:: What you need to do ::
Your reply should repeat, exactly, the line containing "调研组一行深入进贤医院大外科" and the rest of the material after it.

:: Task material ::
Start of Block

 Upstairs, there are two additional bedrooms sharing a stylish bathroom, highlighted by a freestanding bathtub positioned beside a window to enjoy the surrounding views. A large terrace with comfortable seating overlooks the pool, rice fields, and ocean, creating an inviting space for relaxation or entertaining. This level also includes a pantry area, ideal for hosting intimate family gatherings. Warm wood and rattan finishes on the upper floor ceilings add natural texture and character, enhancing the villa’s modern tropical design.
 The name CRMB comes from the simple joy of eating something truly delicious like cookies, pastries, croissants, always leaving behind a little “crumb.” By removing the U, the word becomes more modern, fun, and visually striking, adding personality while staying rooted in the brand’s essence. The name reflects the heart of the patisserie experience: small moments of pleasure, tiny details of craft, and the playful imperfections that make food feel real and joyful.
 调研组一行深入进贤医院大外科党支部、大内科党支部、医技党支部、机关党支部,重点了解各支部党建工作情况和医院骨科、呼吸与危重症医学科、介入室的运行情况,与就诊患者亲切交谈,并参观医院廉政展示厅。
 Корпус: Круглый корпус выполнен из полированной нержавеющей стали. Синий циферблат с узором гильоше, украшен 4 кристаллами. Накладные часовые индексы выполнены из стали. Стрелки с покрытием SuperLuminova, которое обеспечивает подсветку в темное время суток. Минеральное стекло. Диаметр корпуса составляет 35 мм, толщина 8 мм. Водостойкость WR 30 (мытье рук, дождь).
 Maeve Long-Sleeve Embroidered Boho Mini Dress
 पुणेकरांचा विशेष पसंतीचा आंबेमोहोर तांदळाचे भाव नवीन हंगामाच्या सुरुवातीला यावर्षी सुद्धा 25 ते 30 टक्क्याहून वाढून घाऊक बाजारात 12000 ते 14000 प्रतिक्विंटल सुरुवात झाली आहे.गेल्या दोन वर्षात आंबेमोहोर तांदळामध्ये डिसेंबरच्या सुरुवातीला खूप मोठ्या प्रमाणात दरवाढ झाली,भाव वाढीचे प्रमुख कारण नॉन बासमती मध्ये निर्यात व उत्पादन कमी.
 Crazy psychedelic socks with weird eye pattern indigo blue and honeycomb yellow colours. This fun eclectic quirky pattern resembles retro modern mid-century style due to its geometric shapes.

End of Block

:: Solution to this exercise ::
 调研组一行深入进贤医院大外科党支部、大内科党支部、医技党支部、机关党支部,重点了解各支部党建工作情况和医院骨科、呼吸与危重症医学科、介入室的运行情况,与就诊患者亲切交谈,并参观医院廉政展示厅。
 Корпус: Круглый корпус выполнен из полированной нержавеющей стали. Синий циферблат с узором гильоше, украшен 4 кристаллами. Накладные часовые индексы выполнены из стали. Стрелки с покрытием SuperLuminova, которое обеспечивает подсветку в темное время суток. Минеральное стекло. Диаметр корпуса составляет 35 мм, толщина 8 мм. Водостойкость WR 30 (мытье рук, дождь).
 Maeve Long-Sleeve Embroidered Boho Mini Dress
 पुणेकरांचा विशेष पसंतीचा आंबेमोहोर तांदळाचे भाव नवीन हंगामाच्या सुरुवातीला यावर्षी सुद्धा 25 ते 30 टक्क्याहून वाढून घाऊक बाजारात 12000 ते 14000 प्रतिक्विंटल सुरुवात झाली आहे.गेल्या दोन वर्षात आंबेमोहोर तांदळामध्ये डिसेंबरच्या सुरुवातीला खूप मोठ्या प्रमाणात दरवाढ झाली,भाव वाढीचे प्रमुख कारण नॉन बासमती मध्ये निर्यात व उत्पादन कमी.
 Crazy psychedelic socks with weird eye pattern indigo blue and honeycomb yellow colours. This fun eclectic quirky pattern resembles retro modern mid-century style due to its geometric shapes.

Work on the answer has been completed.